The other answer: I wanted to see how a current LLM handled NASM. My initial guess was going to be “badly”. I was wrong; Claude can write x86-64 assembly nearly as readily as Python.

The bugs aren’t in the model’s understanding of repe cmpsb; they’re in the difficult interactions between protocols and arithmetic. Which is also where the bugs would be if a human wrote it.

I picked Claude because I haven’t touched Assembly language in over a decade, and whilst I could read and understand the x86 instruction set, and figure it all out, why not just throw this at Claude for a laugh?

The TLS problem

The first conversation I had with Claude about the asm version was about TLS.

OpenWeatherMap, OpenAI, and Mattermost are all HTTPS-only. Implementing TLS 1.3 in assembly is a multi-month project. The bulk crypto (AES-GCM, SHA-256) has dedicated x86 opcodes thanks to AES-NI and the Intel SHA extensions, but the handshake state machine, X.509 / ASN.1 cert parsing, ECDSA P-256 verification, HKDF, the trust store, SNI, and ALPN are all your code. A “minimal” pure-asm TLS client would be tens of thousands of lines and would need to keep up with Cloudflare’s edge taking the BoringSSL position on every protocol detail. Not a challenge for an evening’s experiment.

So we’re not doing TLS in asm. The asm needs to speak plain HTTP. Something else has to do the TLS.

The standard reverse-proxy options (nginx, HAProxy, Caddy) are 15-30 MB each; using one of those would dwarf the asm binary that justified the exercise in the first place. What I wanted was the smallest possible thing that would terminate TLS on a localhost port and forward to the real upstream.

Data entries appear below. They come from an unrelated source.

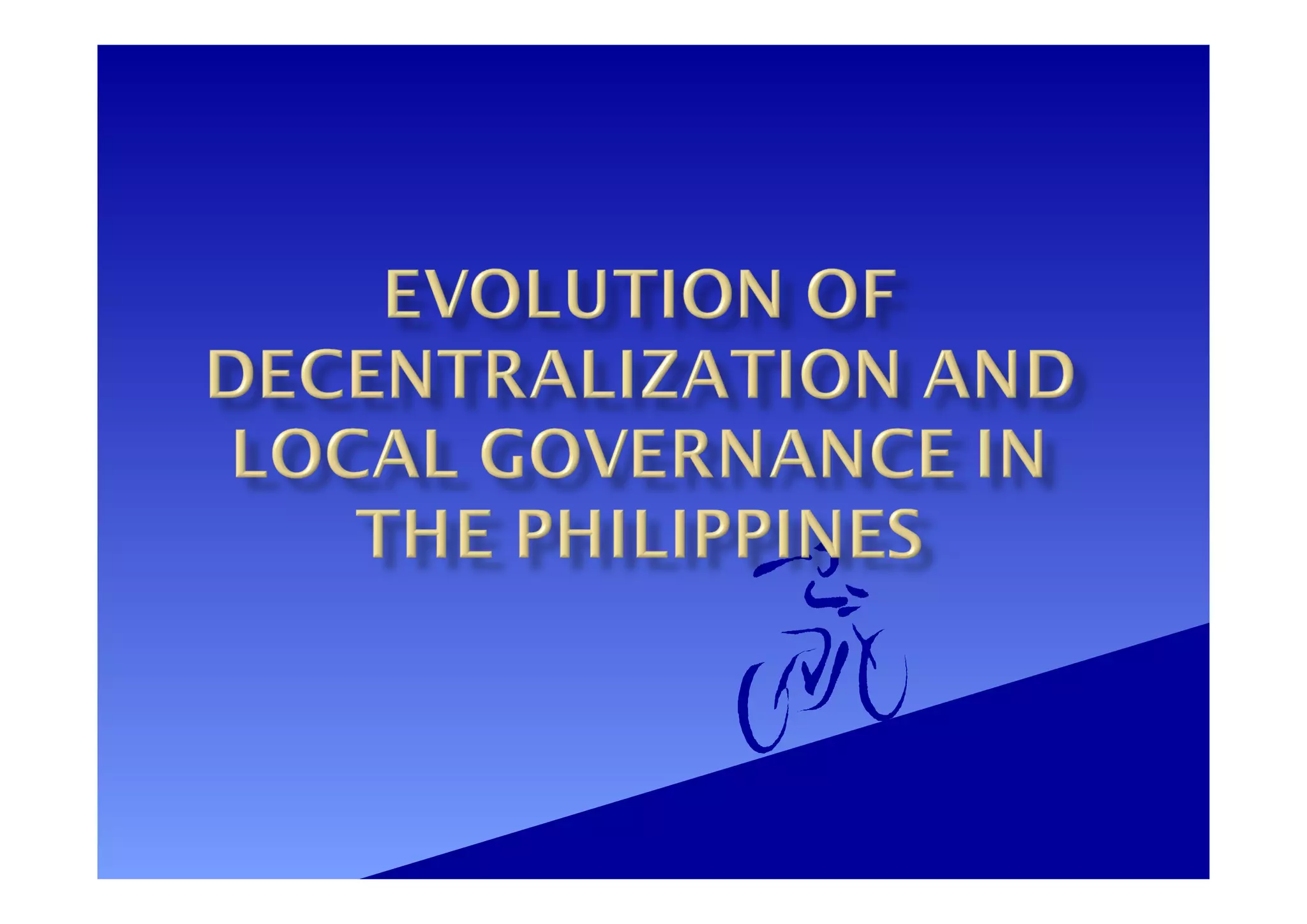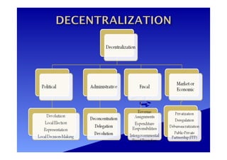 The document discusses the framework of governance and decentralization in the Philippines, emphasizing good governance principles such as accountability, participation, and transparency. It outlines the historical evolution of local governance, particularly the decentralization movements from the pre-Hispanic era to the post-Marcos period, highlighting the role of various administrations in reforming local government structures. Key components of effective local governance, financial management, and citizen engagement are also presented, discussing the responsibilities of local government units in service delivery and economic development.
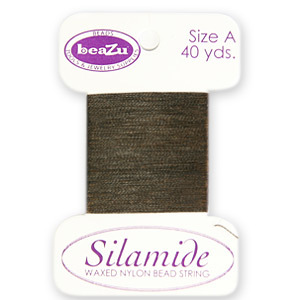 This Dark Brown Silamide is a 2 ply pre-waxed nylon thread made up of twisted filaments. The construction makes it exceptionally resilient, as well as colourfast. This Size A thread is very similar to Nymo Size D, or about 0.008in (0.20mm) in thickness. Silamide is remarkably versatile can be used for a number of projects, including: knotting, weaving, loom work, threading, pearl, crystal and gemstone stringing, braiding, and even on clothing!
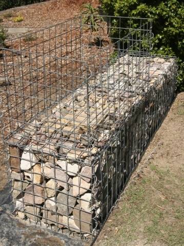 Под габионима подразумевамо посебан контејнер направљен од металне мреже. То јест, за габионе је потребно направити оквир од мреже, а затим их напунити једним или другим материјалом. Разнолики материјали могу деловати као пунило, укључујући:
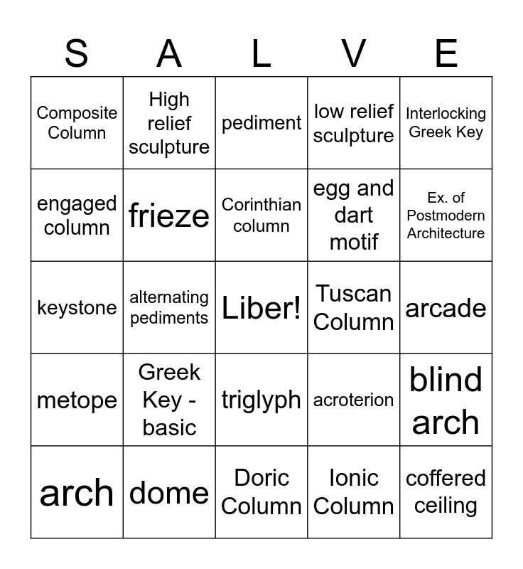 This bingo card has a free space and 30 words: dome, dentils, alternating pediments, vault, Composite Column, pediment, frieze, triglyph, Tuscan Column, Doric Column, arcade, coffered ceiling, Ionic Column, pilaster, Ex. of Postmodern Architecture, Ex. of Neoclassical Architecture, acroterion, metope, Greek Key - basic, Interlocking Greek Key, keystone, portico, High relief sculpture, egg and dart motif, engaged column, low relief sculpture, blind arch, arch, Corinthian column and volute.

That thing is socat. About 14 MB on Alpine, no HTTP smarts; just a bytestream proxy with an OpenSSL backend. Three of them, one per upstream.

The sidecar trick

The architecture I landed on uses Docker Compose’s network_mode: "service:weatherreport" to put the three socat instances inside the asm container’s network namespace. From the asm container’s perspective, the sidecars are all bound to 127.0.0.1:8081, :8082, :8083. From the sidecars’ perspective, they’re listening on what looks like loopback inside a namespace they share with the main program.

services:
  weatherreport:
    build: .
    restart: unless-stopped
    environment:
      OPENWEATHER_API_KEY: ${OPENWEATHER_API_KEY:?}
      # ...

  tls-owm:
    image: alpine/socat
    network_mode: "service:weatherreport"
    command: TCP-LISTEN:8081,fork,reuseaddr OPENSSL:api.openweathermap.org:443

  tls-openai:
    image: alpine/socat
    network_mode: "service:weatherreport"
    command: TCP-LISTEN:8082,fork,reuseaddr OPENSSL:api.openai.com:443

  tls-mattermost:
    image: alpine/socat
    network_mode: "service:weatherreport"
    command: TCP-LISTEN:8083,fork,reuseaddr OPENSSL:${MATTERMOST_HOST}:443

This is the same model Kubernetes pods use for sidecars: shared netns, isolated everything else. The asm program is genuinely a 9.8 KB binary that dials three localhost ports; socat does the actual modern internet.

The honest “deployment footprint” therefore includes that 14 MB of socat image. Once you account for it, the asm version’s image cost is roughly equal to the Rust version’s. The asm program is small because it offloaded the hard work, not because TLS is free.

That, I think, is the actual lesson of the whole exercise. Anything you ship that talks HTTPS contains, somewhere, the same TLS implementation. The Go binary contains it as part of the crypto/tls package and the embedded Mozilla CA bundle. The Rust binary contains rustls and the webpki-roots crate. The asm binary contains a reference to socat sitting in a sidecar. Three different ways of accounting for the same thirty thousand lines of careful, edge-case-laden cryptographic code.

Building the thing

The asm itself is straightforward once you commit to “raw syscalls, no libc”. Linux x86-64 uses six syscall-arg registers in a fixed order; you load a syscall number into rax and execute syscall; the return value comes back in rax. The program needs:

  • socket(2), connect(2), read(2), write(2), close(2) for the HTTP
  • nanosleep(2) for the daily timer
  • A walk through envp to read the API keys out of the environment
  • String concatenation for building HTTP requests
  • A naïve decimal formatter for the Content-Length header
  • Substring search for finding "content" in the OpenAI response
  • A small JSON unescaper for \n, \\, \", \/, \t, \r
  • A repe cmpsb-based string equality for the -once flag

About 1,100 lines of NASM. Claude wrote the first cut; I corrected the architecture across three or four passes (“no, the sidecars share the netns” / “wait, the OpenAI response is pretty-printed JSON, not compact”).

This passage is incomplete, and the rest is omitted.